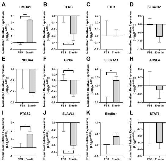 Comparing the expression of autophagy-related genes, ELAVL1 was significantly downregulated in erastin myotubes (p = 0.0137; Figure 2J), which contradicts our findings in CLI patients, whereas BECN1 showed a trend of upregulation that was not statistically significant (p = 0.2024, Figure 2K). Lastly, the inflammation-related gene STAT3 exhibited a negative trend in expression in erastin myotubes, though this trend was not statistically significant (p = 0.1882; Figure 2L). These findings suggest that there is an overlap in the expression of some ferroptosis-related genes in the erastin-treated myotube model and PAD skeletal muscle tissue; however, there are also key differences.
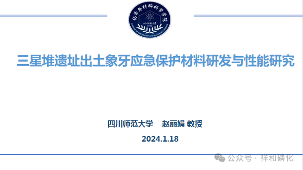 四川师范大学化学与材料学院副院长、教援,省涂料涂装专委会副主任、专委会高级专家赵丽娟女士,报告的题目是《三星堆遗址出土象牙应急保护材料研发与性能研究》。
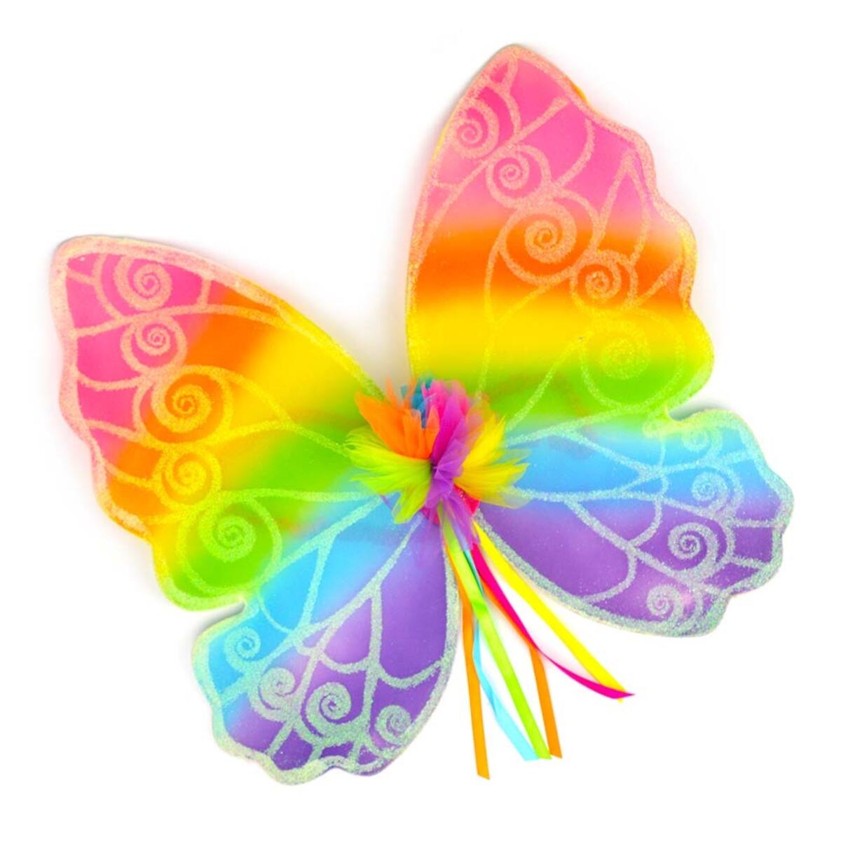 Vingerne er lette at tage på og behagelige at have på takket være de elastiske, satinklædte skulderstropper. Vingerne har alle regnbuens farver og er dekoreret med smukt sølvglitter. Bagpå er der også tylldetaljer med fine silkebånd. Af polyester og metal. PVC-fri. Fra 3 år.
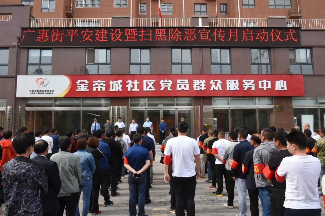 启动仪式上,首先由街道党工委副书记、办事处主任张胜勇同志宣读《广惠街街道办事处关于开展平安建设集中宣传月活动方案》。我街道从三个方面开展“平安建设暨扫黑除恶宣传月”活动,一是开展“大宣传”活动,在城乡主要街道、公路沿线制作固定标语和横幅,在人员密集处设立大型宣传标牌,利用村广播进行经常性的宣传教育,并组织开展几次集中宣传活动,向群众发放我街道制作印制有平安建设宣传内容的扇子、围裙、水杯,以多种形式开展宣传工作;二是开展“大防控”活动,加强街道巡防队、村义务巡防队队伍建设,统一佩戴“平安志愿者”红袖标24小时不间断在辖区开展治安巡防工作;三是开展“大走访”活动,入户调查并填写平安建设入户走访表,加强对矛盾纠纷突出和重大矛盾隐患的排查和预警,从源头上减少大规模事件的发生。
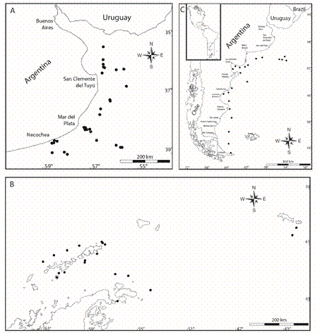 The study was conducted in the Southwestern Atlantic Ocean, along the coast of Argentina. Three campaigns were performed: Mejillón II (hereafter M-II; Fig. 1 A), Summer Antarctic Campaign 2011 (CAV-III; Fig. 1 B) and the final stretch of the Summer Antarctic Campaign 2011 (CAV-IV; Fig. 1 C). M-II was conducted from 35º S to 39º S, between 10 and 140 m depth (31 stations) from September 9th to September 20th 2009. CAV-III took place around the Antarctic Peninsula, South Shetland and South Orkney Islands, covering 67-754 m depth (21 stations) from March 15th to March 27th 2011. CAV-IV corresponds to the final part of the Summer Antarctic Campaign conducted between 39º S and 55º S, at 30-140 m depth (22 stations) from March 15th to March 27th 2011. Samples were taken using fishing net and a dredge trawl. All samples were sorted, identified to the lowest taxonomic level possible and stored in 96 % ethanol. For each station the presence of each echinoderm class was analyzed, and the proportions were represented.
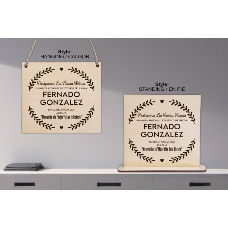 Description: Our laser engraved plaque made of high-quality 100% light wood species (basswood, birch, or maple) is the perfect gift to commemorate the occasion of getting baptized and dedicating one's life to Jehovah. It is the most important day of our life. The design features the person's name, location, date of baptism, and a beautiful leaves motif.
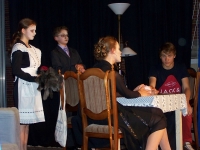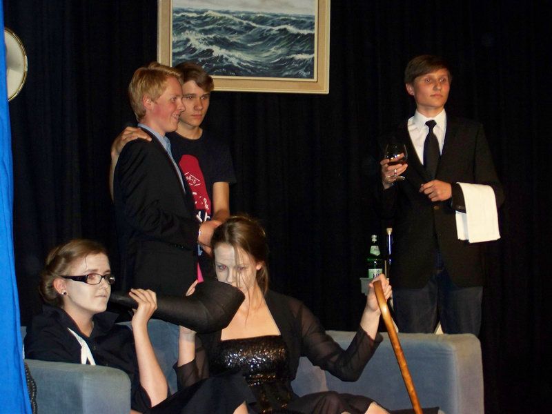 Neun Spielerinnen und Spieler zeigen zuerst das kriminalistische Lustspiel "Mörder mögen?s messerschaft" von Christine Steinwasser. Hierzu hatte man ein gelungenes Bühnenbild, ein Wohnzimmer im Anwesen eines Barons, erstellt. Baron Ansgar von Herrschershausen (Tamo Vielhaber) wurde dort ermordet, und als Geist weiterlebend bekommt er mit, dass er von seiner geldgierigen Ehefrau Lukretia (Jeenke Ahrends) und deren Liebhaber, dem Verwalter Dietmar Knör (Jona Endelmann) hinterrücks erstochen und in den See geworfen wurde. Um eine falsche Spur zu legen, wird auch Hausmädchen Sophia (Lea Danzer) ermordet, auch sie erscheint als Geist wieder. Um Aufklärung der Verbrechen bemüht ist Butler Johann (Johann Weers), der hierzu seine Cousine Else Nehrlich (Marina Uhle), die als Kommissarin bei der Polizei tätig ist, ins Haus holt. Ihr zur Seite steht Assistent Hugo Geist (Henrik Poppinga). Ebenso sind die tüdelingen Tanten des Barons, Restituta (Charlotte Großhans) und Honoria (Inse Bockelmann) an einer Aufklärung interessiert, da ihnen durch die Baronin der Rauswurf aus dem Schloss droht. Gemeinsam gelingt es den Lebenden und den Toten, die Bösen zur Strecke zu bringen. Alle Spieler/innen konnten in ihren Rollen überzeugen und zeigten sich zudem sehr textsicher. Viel Freude machte Jeenke Ahrends, die neben ihrer Rolle als Baronin auch als Telefon-Stimme wirkte ("Bitte drücken sie die Zwei...., ich habe sie nicht verstanden") und die Kommissarin zur Verzweifelung bringt. Die tragende Rolle hatte Johann Weers als Butler Johann, er lieferte ein Meisterstück ab. Ob er die Speisefolge des Vorabends wiederholte, mit vielen Fachausdrücken die Vorzügen einzelner Weinsorten erläuterte, oder auch voll des guten Weinbrandes weiterhin versucht, auf Gentlemen zu machen, das Publikum hatte sichtlich Freude.
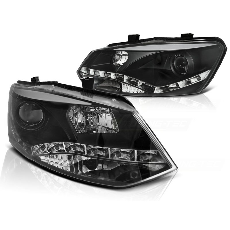 Découvrez les phares noirs TRUE DRL spécialement conçus pour la VW Polo 6R de 2009 à mars 2014. Ces phares à projecteur intègrent des Daytime Running Lights (DRL) pour une visibilité accrue et un style moderne. Parfaits pour les passionnés d'automobile cherchant à allier performance et design, ces phares sont une mise à niveau incontournable pour votre véhicule.
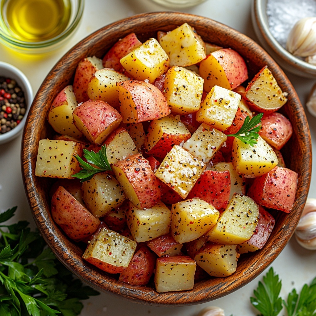 Cut your Yukon Gold potatoes (or your mixture of choice) into bite-size pieces—around 1 to 1 ½ inch chunks work great. Toss them in a bowl with 2 to 3 tablespoons of extra-virgin olive oil to ensure every piece gets coated evenly. In a separate small bowl, whisk together melted butter, garlic powder or minced garlic, salt, and pepper, then drizzle that mixture over the potatoes and toss again so those flavors get locked in.
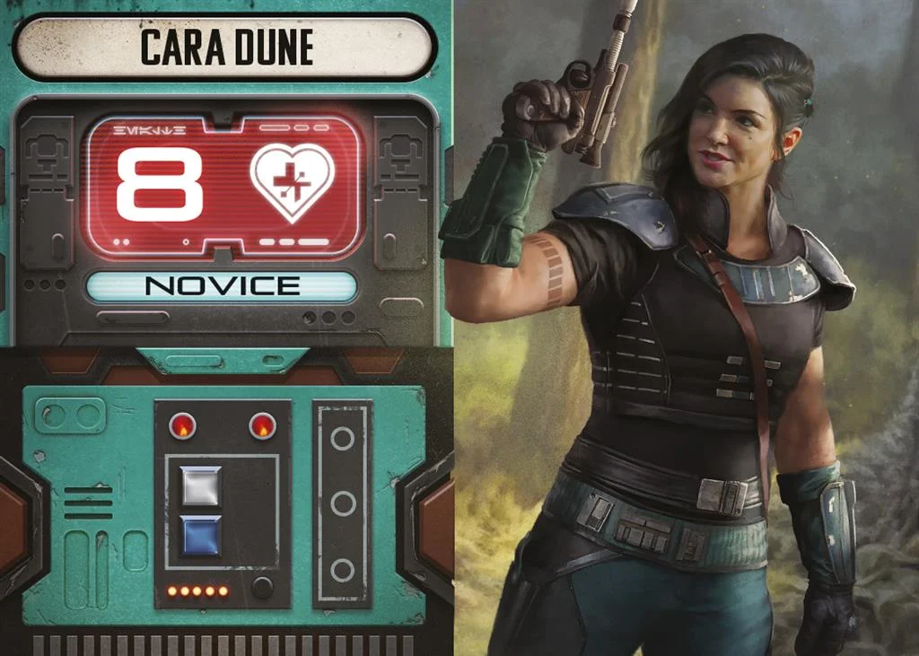Choisissez un personnage : le Mandalorien, IG11, Paz Vizsla, Burg, Migs Mayfeld, Xi’An, Cara Dune ou Greef Karga, chacun doté de son propre paquet de cartes.
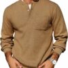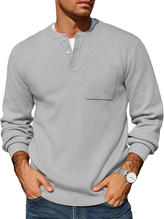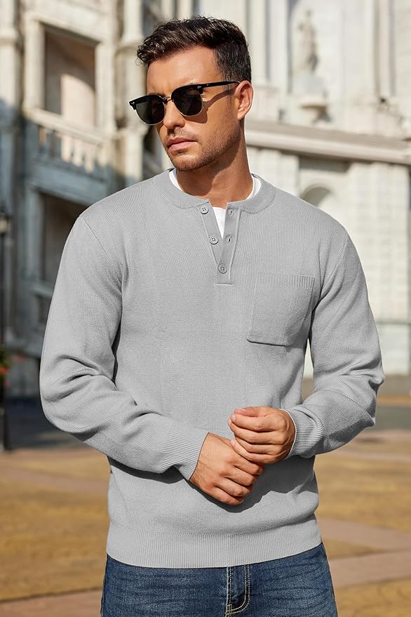 - Men’s knit sweater is made of 100% Polyester, soft, light, breathable, and feels nice against your skin. The thickness is just right for fall and early winter and it looks stylish while feeling warm.
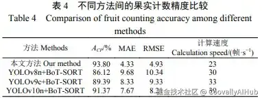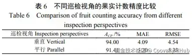 最后还对不同方法成熟度果实进行比较和分析,以及不同巡检视角下的计数精度分析。

## [Try it]
Reproduce the lines above letter for letter. The pictures stay behind.

## [Answer to the problem]
 Comparing the expression of autophagy-related genes, ELAVL1 was significantly downregulated in erastin myotubes (p = 0.0137; Figure 2J), which contradicts our findings in CLI patients, whereas BECN1 showed a trend of upregulation that was not statistically significant (p = 0.2024, Figure 2K). Lastly, the inflammation-related gene STAT3 exhibited a negative trend in expression in erastin myotubes, though this trend was not statistically significant (p = 0.1882; Figure 2L). These findings suggest that there is an overlap in the expression of some ferroptosis-related genes in the erastin-treated myotube model and PAD skeletal muscle tissue; however, there are also key differences.
 四川师范大学化学与材料学院副院长、教援,省涂料涂装专委会副主任、专委会高级专家赵丽娟女士,报告的题目是《三星堆遗址出土象牙应急保护材料研发与性能研究》。
 Vingerne er lette at tage på og behagelige at have på takket være de elastiske, satinklædte skulderstropper. Vingerne har alle regnbuens farver og er dekoreret med smukt sølvglitter. Bagpå er der også tylldetaljer med fine silkebånd. Af polyester og metal. PVC-fri. Fra 3 år.
 启动仪式上,首先由街道党工委副书记、办事处主任张胜勇同志宣读《广惠街街道办事处关于开展平安建设集中宣传月活动方案》。我街道从三个方面开展“平安建设暨扫黑除恶宣传月”活动,一是开展“大宣传”活动,在城乡主要街道、公路沿线制作固定标语和横幅,在人员密集处设立大型宣传标牌,利用村广播进行经常性的宣传教育,并组织开展几次集中宣传活动,向群众发放我街道制作印制有平安建设宣传内容的扇子、围裙、水杯,以多种形式开展宣传工作;二是开展“大防控”活动,加强街道巡防队、村义务巡防队队伍建设,统一佩戴“平安志愿者”红袖标24小时不间断在辖区开展治安巡防工作;三是开展“大走访”活动,入户调查并填写平安建设入户走访表,加强对矛盾纠纷突出和重大矛盾隐患的排查和预警,从源头上减少大规模事件的发生。
 The study was conducted in the Southwestern Atlantic Ocean, along the coast of Argentina. Three campaigns were performed: Mejillón II (hereafter M-II; Fig. 1 A), Summer Antarctic Campaign 2011 (CAV-III; Fig. 1 B) and the final stretch of the Summer Antarctic Campaign 2011 (CAV-IV; Fig. 1 C). M-II was conducted from 35º S to 39º S, between 10 and 140 m depth (31 stations) from September 9th to September 20th 2009. CAV-III took place around the Antarctic Peninsula, South Shetland and South Orkney Islands, covering 67-754 m depth (21 stations) from March 15th to March 27th 2011. CAV-IV corresponds to the final part of the Summer Antarctic Campaign conducted between 39º S and 55º S, at 30-140 m depth (22 stations) from March 15th to March 27th 2011. Samples were taken using fishing net and a dredge trawl. All samples were sorted, identified to the lowest taxonomic level possible and stored in 96 % ethanol. For each station the presence of each echinoderm class was analyzed, and the proportions were represented.
 Description: Our laser engraved plaque made of high-quality 100% light wood species (basswood, birch, or maple) is the perfect gift to commemorate the occasion of getting baptized and dedicating one's life to Jehovah. It is the most important day of our life. The design features the person's name, location, date of baptism, and a beautiful leaves motif.
 Neun Spielerinnen und Spieler zeigen zuerst das kriminalistische Lustspiel "Mörder mögen?s messerschaft" von Christine Steinwasser. Hierzu hatte man ein gelungenes Bühnenbild, ein Wohnzimmer im Anwesen eines Barons, erstellt. Baron Ansgar von Herrschershausen (Tamo Vielhaber) wurde dort ermordet, und als Geist weiterlebend bekommt er mit, dass er von seiner geldgierigen Ehefrau Lukretia (Jeenke Ahrends) und deren Liebhaber, dem Verwalter Dietmar Knör (Jona Endelmann) hinterrücks erstochen und in den See geworfen wurde. Um eine falsche Spur zu legen, wird auch Hausmädchen Sophia (Lea Danzer) ermordet, auch sie erscheint als Geist wieder. Um Aufklärung der Verbrechen bemüht ist Butler Johann (Johann Weers), der hierzu seine Cousine Else Nehrlich (Marina Uhle), die als Kommissarin bei der Polizei tätig ist, ins Haus holt. Ihr zur Seite steht Assistent Hugo Geist (Henrik Poppinga). Ebenso sind die tüdelingen Tanten des Barons, Restituta (Charlotte Großhans) und Honoria (Inse Bockelmann) an einer Aufklärung interessiert, da ihnen durch die Baronin der Rauswurf aus dem Schloss droht. Gemeinsam gelingt es den Lebenden und den Toten, die Bösen zur Strecke zu bringen. Alle Spieler/innen konnten in ihren Rollen überzeugen und zeigten sich zudem sehr textsicher. Viel Freude machte Jeenke Ahrends, die neben ihrer Rolle als Baronin auch als Telefon-Stimme wirkte ("Bitte drücken sie die Zwei...., ich habe sie nicht verstanden") und die Kommissarin zur Verzweifelung bringt. Die tragende Rolle hatte Johann Weers als Butler Johann, er lieferte ein Meisterstück ab. Ob er die Speisefolge des Vorabends wiederholte, mit vielen Fachausdrücken die Vorzügen einzelner Weinsorten erläuterte, oder auch voll des guten Weinbrandes weiterhin versucht, auf Gentlemen zu machen, das Publikum hatte sichtlich Freude.
 Découvrez les phares noirs TRUE DRL spécialement conçus pour la VW Polo 6R de 2009 à mars 2014. Ces phares à projecteur intègrent des Daytime Running Lights (DRL) pour une visibilité accrue et un style moderne. Parfaits pour les passionnés d'automobile cherchant à allier performance et design, ces phares sont une mise à niveau incontournable pour votre véhicule.
 Cut your Yukon Gold potatoes (or your mixture of choice) into bite-size pieces—around 1 to 1 ½ inch chunks work great. Toss them in a bowl with 2 to 3 tablespoons of extra-virgin olive oil to ensure every piece gets coated evenly. In a separate small bowl, whisk together melted butter, garlic powder or minced garlic, salt, and pepper, then drizzle that mixture over the potatoes and toss again so those flavors get locked in.
Choisissez un personnage : le Mandalorien, IG11, Paz Vizsla, Burg, Migs Mayfeld, Xi’An, Cara Dune ou Greef Karga, chacun doté de son propre paquet de cartes.
 - Men’s knit sweater is made of 100% Polyester, soft, light, breathable, and feels nice against your skin. The thickness is just right for fall and early winter and it looks stylish while feeling warm.
 最后还对不同方法成熟度果实进行比较和分析,以及不同巡检视角下的计数精度分析。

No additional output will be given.